MOAA, a co-chair of the 34-member TMC, already has expressed its support for both measures:
- H.R. 333, the Disabled Veterans Tax Termination Act, is sponsored by Rep. Sanford Bishop (D-Ga.) and essentially aims to fix the financial injustice of concurrent receipt for all retired personnel. It is a “Hail Mary” pass worth your support, addressing the unjust offset in one large piece of legislation with a price tag over $30 billion over 10 years.
- H.R. 5995, the Major Richard Star Act, is sponsored by Rep. Gus Bilirakis (R-Fla.) and is smaller (estimated at $2 billion over 10 years). The bill and its Senate companion, S. 3393, offer an incremental approach for concurrent receipt and initially address those forced to medically retire from a combat injury.
Parallel TMC efforts on these bills are critical to making long-overdue progress on concurrent receipt; the last progress on the issue was over a decade ago. The incremental approach of the Star Act presents a partial solution for concurrent receipt at a reduced cost, offering up categories into bite-size bills with each category serving as a milestone to reaching total repeal, a goal shared by MOAA and the TMC.

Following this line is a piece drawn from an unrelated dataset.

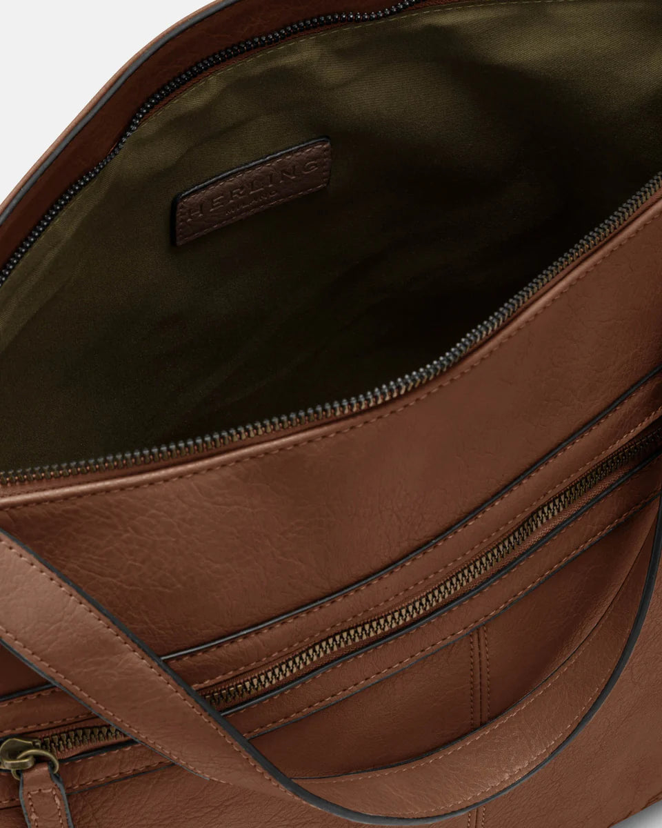 Mjög rúmgóð og falleg handtaska frá ítalska merkinu Herling. Taskan er úr hágæða vegan leðri með smá rustic yfirbragði. Rúmgott rennt hólf með nægu plássi fyrir allt sem þú þarf, fartölvuna, símann og fl. Einnig stórt rennt hólf að framan. Lengri ól fylgir einnig með töskunni.

Each milestone makes the next one less costly and more likely for inclusion into the National Defense Authorization Act (NDAA), and puts us on the path for concurrent receipt for all. While MOAA prefers concurrent receipt for all, the incremental approach affords the opportunity for a partial success, so we come away with one victory and a reduced cost for the next victories.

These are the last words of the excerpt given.